Here are some other fun things to consider, regarding PCOS, and Budgeting. Not all things have to be labeled as no, and there are budget friendly goods out there that you can purchase that are still whole foods, and not prepackaged mushed up masses of what used to be food stuffs.  Whole foods can be inexpensive, and when done in moderation starches still help fill the pit of empty stomachs. (I do have to feed a hard working man, who needs more than I do to survive.)  Still, feeding hungry people food is much more important than just filling their stomachs.

by Monika Woolsey of inCYST

  1. It provides you with enough energy. Anything less than 1200 calories, for whatever reason, makes it challenging to obtain all the essential fats, vitamins, minerals, and other nutrients. You can lose weight, I won’t argue that, but you won’t be able to live like this forever. A program that teaches you to eat the way you can eat for years to come is a more practical option. Likewise, overexercising is counterproductive. It is rarely a strategy that can be maintained over the long run. What works best, is a balance between calories eaten and calories expended.
  2. You’re choosing variety in both food and activity. Any program that eliminates major food groups is also eliminating nutrient groups. Many diets that claim to have a special effect because of its nutrient “combination”, is often cutting calories, which is the impetus for the weight loss. The same exercises, day after day, will help certain muscle groups and
    not others. Plus, you’re more likely to become bored, or not want to exercise if your routine takes you away from your normal exercise environment. Mixing it up keeps it interesting and helps you stay on track.
  3. You’re eating in response to hunger more than to emotions.
    Are you reaching for the ice cream when you’re tired? When you’re angry at your husband? When you have yet another negative pregnancy test? Or when you’re truly hungry? When cravings have been in control it can be challenging to even know what hunger feels like. Look for programs that, rather than giving you a calorie level and asking you to stick with it, no matter how you feel, encourages you to think about what hunger and fullness are, and to work to learn to honor those natural body signals. When it comes to exercise, it can be a great stress management activity, but it should never be the ONLY way you manage stress. ..what will you do if you sprain your ankle and all you do is run? Take a dance lesson. Rent roller skates. Be sure it’s about fun, not torturing yourself to make up for something you’ve eaten.
  4. You’re eating what you like and doing activities you enjoy.
    OK, so it’s probably not reasonable to expect that a diet of Fritos and Haagen Dazs is going to promote your overall health in the long run…but there’s also a reason to question that eating foods you don’t like, just because they’re “healthy” or on someone’s “Top Ten” list, is going to be a helpful strategy.
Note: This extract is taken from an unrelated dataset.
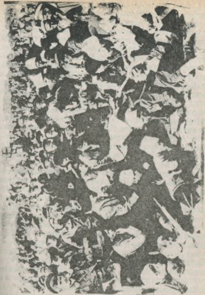
Махновцы обсуждают условия Старобельского соглашения.

Надо сказать, что всегда вокруг основных сил Махно «крутились» мелкие банды, которые действовали чуть ли не в каждом селе. Теперь некоторые из них понимали, что с уходом Махно на Врангеля на них обрушат всю свою мощь войска ВОХР и поэтому принялись улучшать свое положение. Используя ситуацию, принялись формировать новые отряды, а эти операции могли обернуться для Махно возобновлением боевых действий. Поэтому Махно вынужден был принимать меры, рассчитывая на смягчение обстоятельств. Вот как документ рассказывает нам об этом. Высланная разведка от 56-го полка в сторону Петропавловки встретила ординарца от Махно, который передал депешу за № 76 следующего содержания.

A good/bad approach, to food or exercise, sets you up to binge when you eat food you like, and punish yourself with other foods and exercise after you “cheated”. No wonder so many people hate exercise, they only do it when they feel badly about themselves, rather than to feel energized!
  5. You’re eating and exercising mindfully.
    Meaning, you’re not eating standing up in your kitchen, in your car, at your desk, or in front of the television. And you’re exercising not just because the treadmill was set at 30 minutes. And you don’t have to push yourself to exhaustion to feel like it was “enough”. You’ve tasted and enjoyed the food, and you’ve listened to what your body has told you it wants and needs for exercise duration and intensity. When it comes to food and exercise, our
    bodies are amazingly proficient at telling us what we need. The problem is, we ignore it in favor of what fitness “experts” want us to believe. Try the wisdom of mindful thinking. You might be surprised!
  6. You’re flexible without feeling guilty about it.
    When you’re having a hard time conceiving, or wight maintenance doesn’t come easy to you, you can start to feel like if you don’t do everything “perfectly”, you’re going to fail at your goal. The truth is, the more rigid your program is, the harder it is to live a life that includes social activities and stress management opportunities. And that can set you up to fail. The most successful people I’ve ever worked with have been able to walk on a business trip when running wasn’t feasible, and to go to a birthday party and enjoy a bit of the spoils. The ones who struggled, were always the ones who were overly rigid with their expectations of themselves.
  7. You can maintain your program over a period of time.
    At inCYST, we often see women super-motivated until they become pregnant, then they disappear, then they resurface when they’ve gained too much pregnancy weight and are at risk of gestational diabetes. Using food and exercise to achieve a short term goal, then going back to the habits that caused the problem, might fix the problem, but only if the habits are maintained. If you are looking at a program and cannot envision living with it for 1, 5, 10 years, ask yourself why you want to proceed.
  8. You’re mostly craving free. Cravings tell you that you’re out of balance. A healthy diet doesn’t create cravings, and a healthy exercise plan doesn’t make you ravenous. When those things happen, consider that what you’re doing may be extreme.
  9. You’re not using food or exercise to punish yourself.
    Given the popularity of The Biggest Loser, we’re really fighting this one right now. It doesn’t matter how you got to where you are, what you’re doing right now, how perfectly you proceed with your program. You deserve to respect yourself every step of the way. If you’re not coming out of the “better eating and more activity” program feeling better about yourself, you’re a setup for an eating disorder. Food is for nourishing and exercise is for body maintenance. Both should feel satisfying at the end of the day.
  10. You can eat and exercise even if you can’t measure exactly how many calories it involves. If I only had a dollar for every time a client told me they passed on an afternoon in the park, or they apologized for not being able to “exercise” because they had a toddler, and the most they could manage was a stroller. So what? So the picnic doesn’t have calorie labels attached. So the stroller doesn’t have a heart rate monitor. Counting every single thing you do, is not how life was meant to be lived. Thinking about the calories, all the time, may be the root of your problem.
This isn’t concrete, but I hope it helps. Good health is about balance, not extremes. Monika Woolsey of inCYST

Strategies for Healthy Eating on a Budget - An article through Rite Aid
 Source's listed by RiteAid:
"Eating Right When Money Is Tight: Advice for People with Diabetes." Idaho Department of Health and Welfare.  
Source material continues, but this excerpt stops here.